Start of SUPPLIED RECORDS

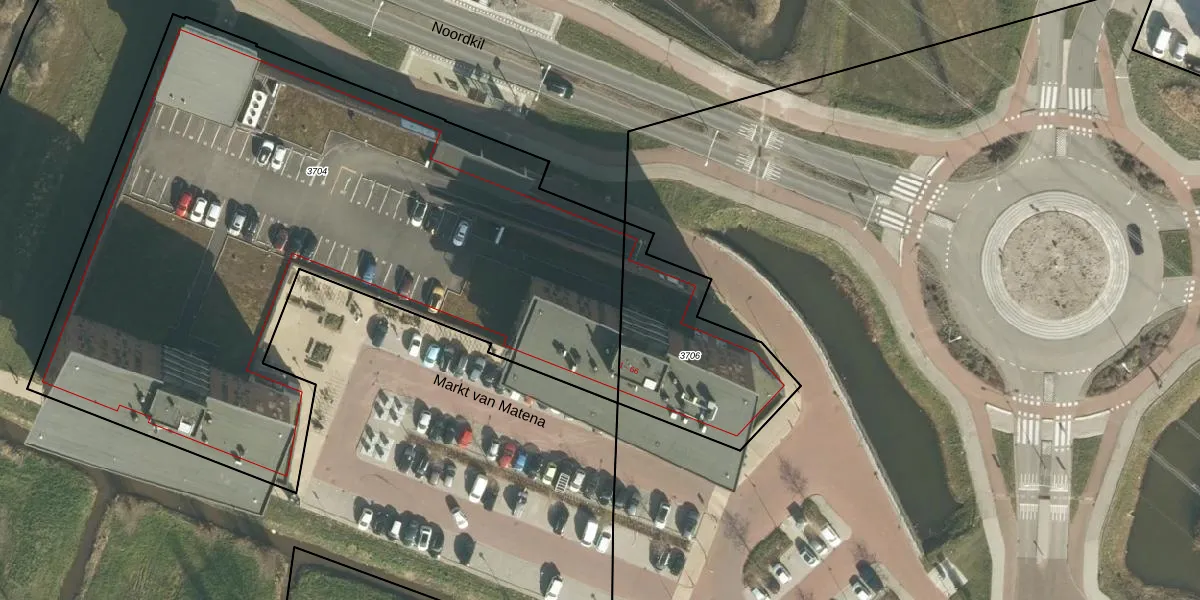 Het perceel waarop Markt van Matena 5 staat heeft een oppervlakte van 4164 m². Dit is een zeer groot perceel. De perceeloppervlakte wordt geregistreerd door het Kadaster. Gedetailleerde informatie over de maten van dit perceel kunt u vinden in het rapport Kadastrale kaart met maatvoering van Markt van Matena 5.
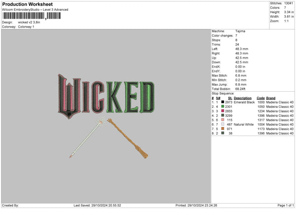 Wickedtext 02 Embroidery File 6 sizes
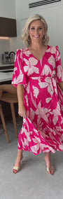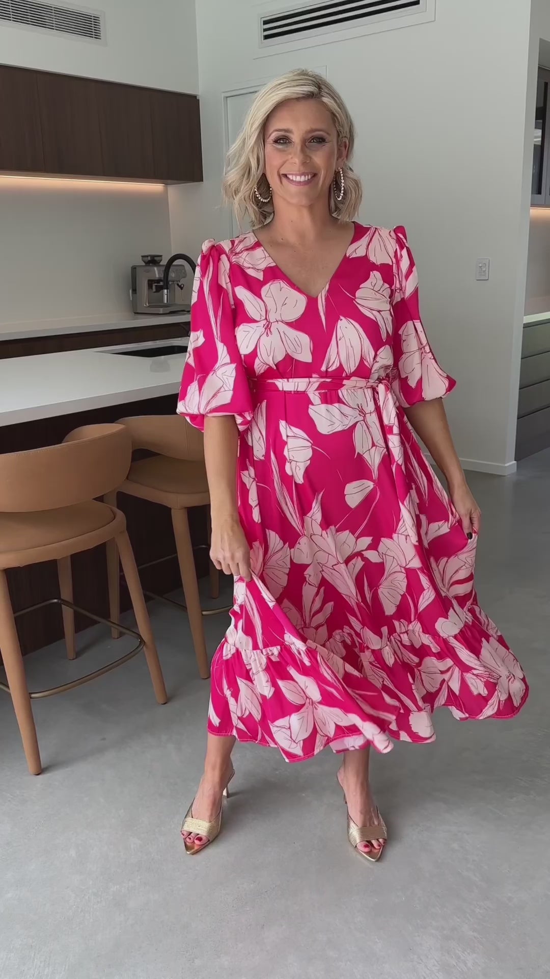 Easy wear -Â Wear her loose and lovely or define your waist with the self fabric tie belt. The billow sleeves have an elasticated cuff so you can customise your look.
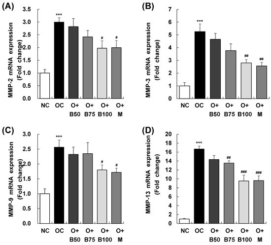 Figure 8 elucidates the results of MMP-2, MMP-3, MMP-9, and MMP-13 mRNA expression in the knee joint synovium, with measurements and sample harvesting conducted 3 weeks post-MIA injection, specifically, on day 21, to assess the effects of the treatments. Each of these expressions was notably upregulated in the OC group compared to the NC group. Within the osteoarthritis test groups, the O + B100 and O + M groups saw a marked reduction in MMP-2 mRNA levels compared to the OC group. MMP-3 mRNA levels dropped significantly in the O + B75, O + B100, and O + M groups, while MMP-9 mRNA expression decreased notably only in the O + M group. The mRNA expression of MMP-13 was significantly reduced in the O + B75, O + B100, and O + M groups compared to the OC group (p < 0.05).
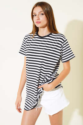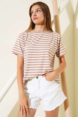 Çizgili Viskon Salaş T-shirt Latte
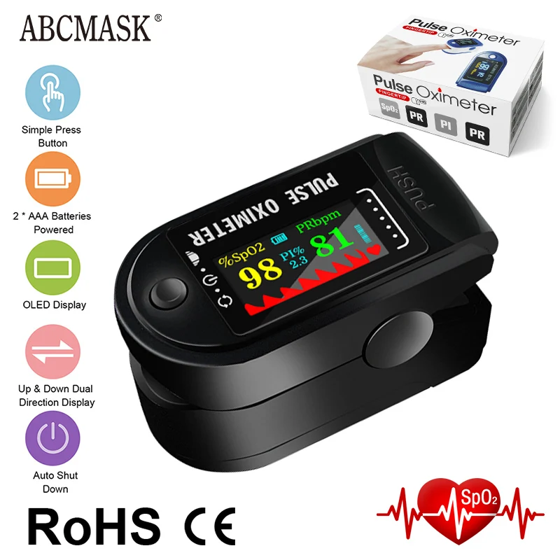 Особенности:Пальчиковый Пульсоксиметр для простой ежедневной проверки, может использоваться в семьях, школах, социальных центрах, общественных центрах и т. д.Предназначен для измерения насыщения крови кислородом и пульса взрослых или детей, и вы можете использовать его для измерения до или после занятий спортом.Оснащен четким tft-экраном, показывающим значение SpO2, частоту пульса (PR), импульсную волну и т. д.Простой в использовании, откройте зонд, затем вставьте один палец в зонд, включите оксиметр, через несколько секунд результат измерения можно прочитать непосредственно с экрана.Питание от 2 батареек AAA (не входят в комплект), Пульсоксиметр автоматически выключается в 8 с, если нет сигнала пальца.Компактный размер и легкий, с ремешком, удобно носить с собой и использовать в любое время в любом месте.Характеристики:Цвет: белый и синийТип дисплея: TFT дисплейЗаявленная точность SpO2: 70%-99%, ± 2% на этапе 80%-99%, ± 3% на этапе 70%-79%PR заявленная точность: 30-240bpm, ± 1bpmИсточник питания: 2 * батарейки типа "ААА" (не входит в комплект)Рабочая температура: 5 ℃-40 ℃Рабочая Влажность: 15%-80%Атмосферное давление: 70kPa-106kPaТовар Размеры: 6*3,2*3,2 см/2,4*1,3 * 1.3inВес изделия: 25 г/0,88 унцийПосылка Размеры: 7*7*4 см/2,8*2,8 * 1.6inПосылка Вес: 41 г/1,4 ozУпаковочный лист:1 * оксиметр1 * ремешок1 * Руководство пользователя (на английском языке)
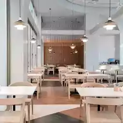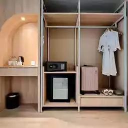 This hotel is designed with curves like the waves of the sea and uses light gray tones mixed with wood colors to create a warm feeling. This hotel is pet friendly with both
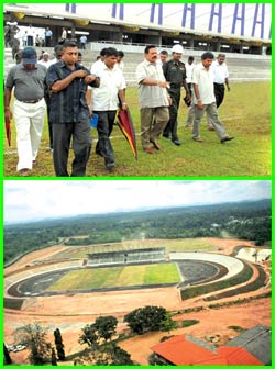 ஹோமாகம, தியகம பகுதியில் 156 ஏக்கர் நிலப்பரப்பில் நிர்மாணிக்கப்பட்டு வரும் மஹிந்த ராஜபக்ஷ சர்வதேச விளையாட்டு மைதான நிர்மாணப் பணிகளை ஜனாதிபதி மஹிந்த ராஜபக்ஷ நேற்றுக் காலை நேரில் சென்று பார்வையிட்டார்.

End of SUPPLIED RECORDS
Start of SUPPLIED RECORDS

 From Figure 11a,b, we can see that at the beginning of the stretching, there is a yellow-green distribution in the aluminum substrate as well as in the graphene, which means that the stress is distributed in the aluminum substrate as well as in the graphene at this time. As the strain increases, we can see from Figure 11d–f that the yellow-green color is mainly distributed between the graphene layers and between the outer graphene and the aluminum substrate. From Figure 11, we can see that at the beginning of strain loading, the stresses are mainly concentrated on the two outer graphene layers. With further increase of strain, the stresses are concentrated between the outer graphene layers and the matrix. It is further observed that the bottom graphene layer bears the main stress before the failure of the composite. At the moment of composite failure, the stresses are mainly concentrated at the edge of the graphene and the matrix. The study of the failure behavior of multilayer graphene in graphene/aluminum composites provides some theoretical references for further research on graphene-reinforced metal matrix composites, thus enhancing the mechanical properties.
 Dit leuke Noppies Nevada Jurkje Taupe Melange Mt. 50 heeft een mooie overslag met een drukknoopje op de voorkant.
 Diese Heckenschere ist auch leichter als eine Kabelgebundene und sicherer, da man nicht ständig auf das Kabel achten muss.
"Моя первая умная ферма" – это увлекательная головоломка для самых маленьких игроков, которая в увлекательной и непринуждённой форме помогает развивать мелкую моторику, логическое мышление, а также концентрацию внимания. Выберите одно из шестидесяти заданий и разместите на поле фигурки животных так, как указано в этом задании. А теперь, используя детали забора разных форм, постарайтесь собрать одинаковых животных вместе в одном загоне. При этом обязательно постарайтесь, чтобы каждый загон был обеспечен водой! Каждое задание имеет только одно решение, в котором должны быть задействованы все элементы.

End of SUPPLIED RECORDS
Start of SUPPLIED RECORDS

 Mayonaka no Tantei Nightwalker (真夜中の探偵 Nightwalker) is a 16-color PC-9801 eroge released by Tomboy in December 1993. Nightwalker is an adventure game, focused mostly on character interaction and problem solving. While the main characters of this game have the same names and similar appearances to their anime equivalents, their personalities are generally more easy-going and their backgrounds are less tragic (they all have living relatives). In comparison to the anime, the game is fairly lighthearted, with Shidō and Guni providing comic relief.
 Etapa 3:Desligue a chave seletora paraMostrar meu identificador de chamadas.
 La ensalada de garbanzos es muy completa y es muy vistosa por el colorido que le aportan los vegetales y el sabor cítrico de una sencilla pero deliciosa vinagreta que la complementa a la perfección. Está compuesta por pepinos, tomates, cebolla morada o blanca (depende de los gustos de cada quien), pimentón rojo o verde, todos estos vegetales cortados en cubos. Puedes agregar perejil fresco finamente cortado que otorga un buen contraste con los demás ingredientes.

End of SUPPLIED RECORDS

The answer must be the lines above from the one containing "Het perceel waarop" through the one containing "Çizgili Viskon Salaş T-shirt Latte", reproduced exactly, with no pictures and nothing else.

● REPLY
 Het perceel waarop Markt van Matena 5 staat heeft een oppervlakte van 4164 m². Dit is een zeer groot perceel. De perceeloppervlakte wordt geregistreerd door het Kadaster. Gedetailleerde informatie over de maten van dit perceel kunt u vinden in het rapport Kadastrale kaart met maatvoering van Markt van Matena 5.
 Wickedtext 02 Embroidery File 6 sizes
 Easy wear -Â Wear her loose and lovely or define your waist with the self fabric tie belt. The billow sleeves have an elasticated cuff so you can customise your look.
 Figure 8 elucidates the results of MMP-2, MMP-3, MMP-9, and MMP-13 mRNA expression in the knee joint synovium, with measurements and sample harvesting conducted 3 weeks post-MIA injection, specifically, on day 21, to assess the effects of the treatments. Each of these expressions was notably upregulated in the OC group compared to the NC group. Within the osteoarthritis test groups, the O + B100 and O + M groups saw a marked reduction in MMP-2 mRNA levels compared to the OC group. MMP-3 mRNA levels dropped significantly in the O + B75, O + B100, and O + M groups, while MMP-9 mRNA expression decreased notably only in the O + M group. The mRNA expression of MMP-13 was significantly reduced in the O + B75, O + B100, and O + M groups compared to the OC group (p < 0.05).
 Çizgili Viskon Salaş T-shirt Latte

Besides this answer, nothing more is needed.